Changing direction on a dime is what made Childs attractive enough to the Knicks to command a $24-million contract, but far too often in this particular situation, Childs went right when he should've gone left. He filled too many barstools and emptied too many glasses, more than he cares to remember.

So his feet keep moving and his head does not swivel in that direction. He is not feeling nostalgic tonight. He hasn't in a while. He has vowed to distance himself from friends like Jack Daniels and Bud and the others who nearly wrecked his basketball career and destroyed his life. Childs will not have a toast these days, unless it comes with butter and jam.

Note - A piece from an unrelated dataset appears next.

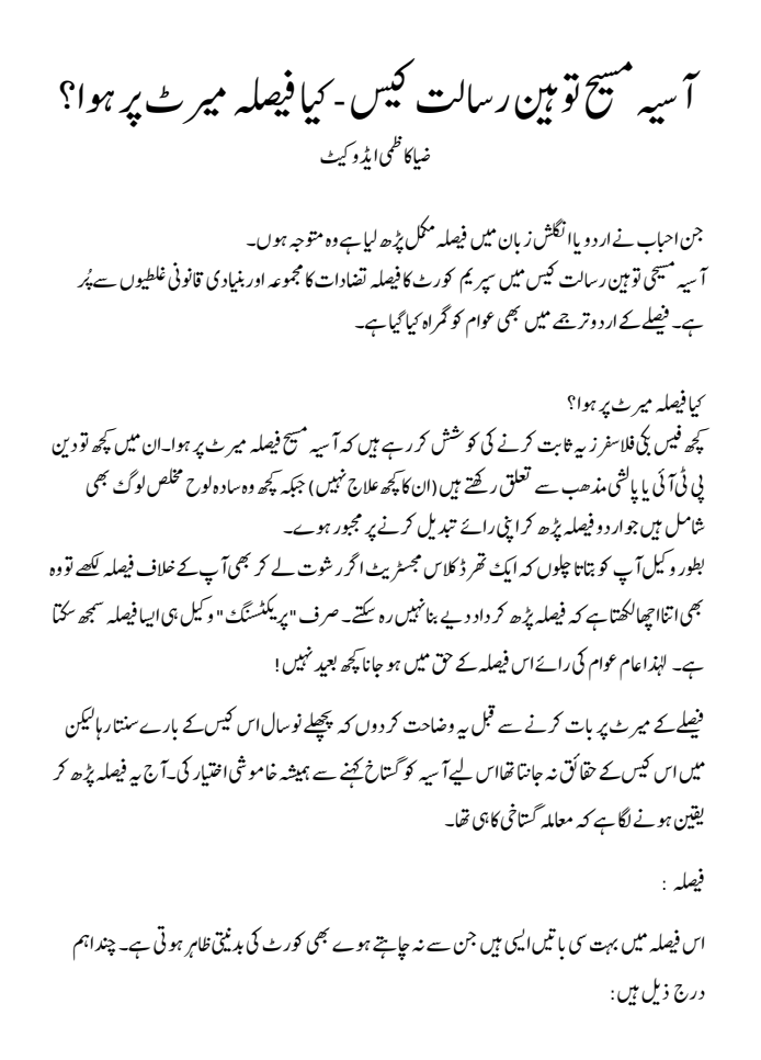 آسیہ مسیح توہین رسالت کیس – کیا فیصلہ میرٹ پر ہوا؟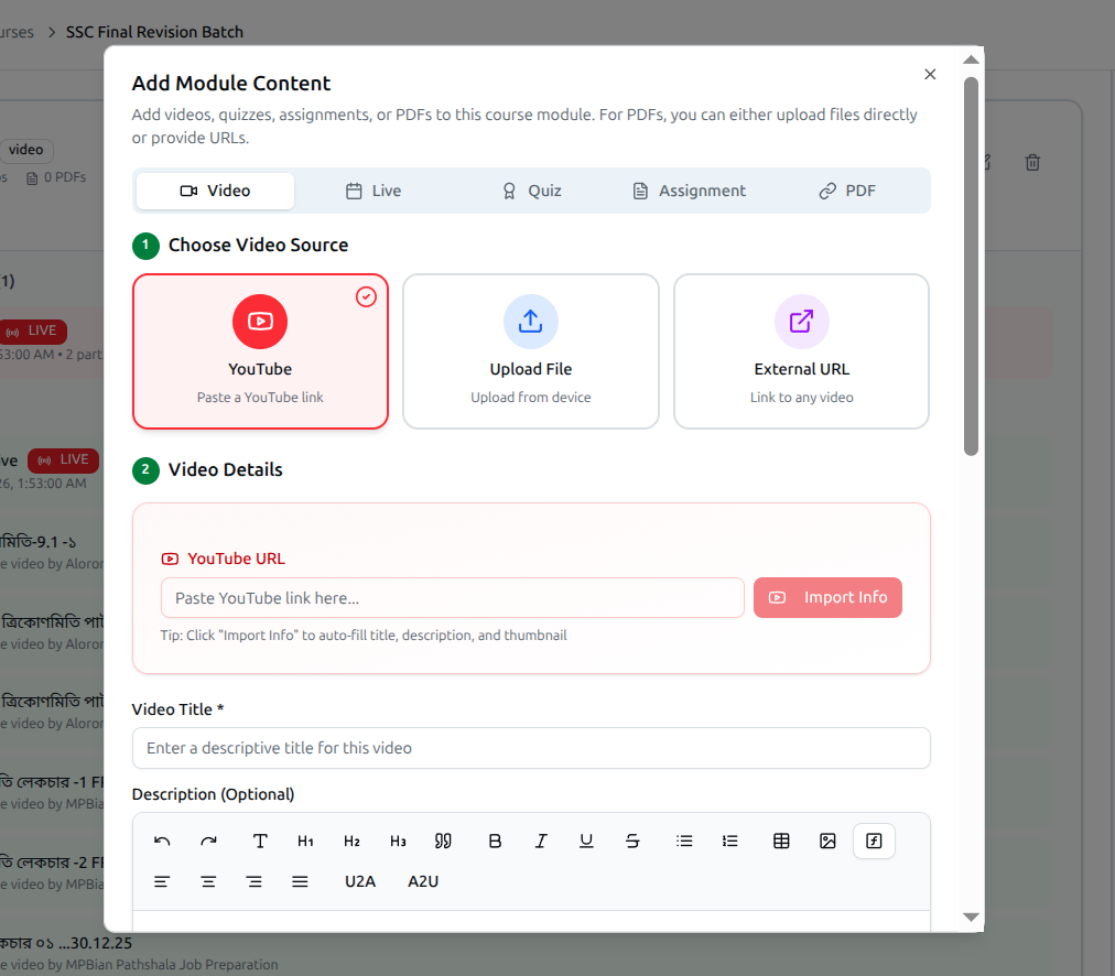 Your course videos are hosted on one platform, your live classes happen on another, and your student payments come through a third. You're pasting assignment links in chat groups, manually tracking attendance in spreadsheets, and spending weekends grading papers. Your students are jumping between websites, apps, and social media just to learn from you.

"June 26, 1993," Childs says proudly. His second birthdate. He was born in 1967 but came to life just three years ago, when he

stopped being a drunk. Childs lived in a bottle longer than most genies. Then on 6-26-93, he tasted liquor for the last time and began one of the biggest transformations in the present-day NBA.

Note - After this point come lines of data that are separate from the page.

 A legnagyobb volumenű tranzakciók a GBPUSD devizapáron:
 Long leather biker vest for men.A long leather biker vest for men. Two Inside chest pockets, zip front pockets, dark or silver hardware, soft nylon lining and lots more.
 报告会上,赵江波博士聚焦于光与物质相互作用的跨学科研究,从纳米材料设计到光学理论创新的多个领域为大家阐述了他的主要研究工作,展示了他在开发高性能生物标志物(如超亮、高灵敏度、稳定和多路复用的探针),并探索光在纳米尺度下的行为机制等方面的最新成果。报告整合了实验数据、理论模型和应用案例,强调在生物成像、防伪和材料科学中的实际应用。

He was once a journeyman player pulling down a grand a week in the ragamuffin league known as the Continental Basketball Association.

He's now the starting point guard making about $4 million a year for the NBA championship-contending Knicks.

Without his addiction to alcohol, Childs has blossomed into a reliable point guard with quick reflexes and a knack for delivering the ball to the right people.

"I'm sure it surprises a lot of folks," Childs said, "but I always knew I would be an NBA player. I just took a different route and it took me a longer time."

"Had I made it earlier," Childs added after a pause, "I would've blown it."

Childs was a fair enough player during his high school days in Bakersfield, Calif., but poor grades canceled any thoughts of UCLA and sent him instead to Boise State, where he became one of the best players the school ever produced. As a junior he once outplayed the college player of the year, Oregon State's Gary Payton. Though Childs wasn't a big scorer, he played phone-booth defense and threw a nifty bounce pass, and being drafted into the NBA became a possibility.

"They told me I'd go in the late-first (round) or early-second," Childs said. "On draft day I threw a pool party and my family came in from California. And my name was never called."

Depressed and disappointed, Childs locked himself in his apartment for five days and didn't answer the phone. All he did was satisfy an old craving.

"When you have drinkers in your family, with your great grandfather, grandmother, father, it breeds that behavior," he said. "I saw all of them do it and I figured it must be OK."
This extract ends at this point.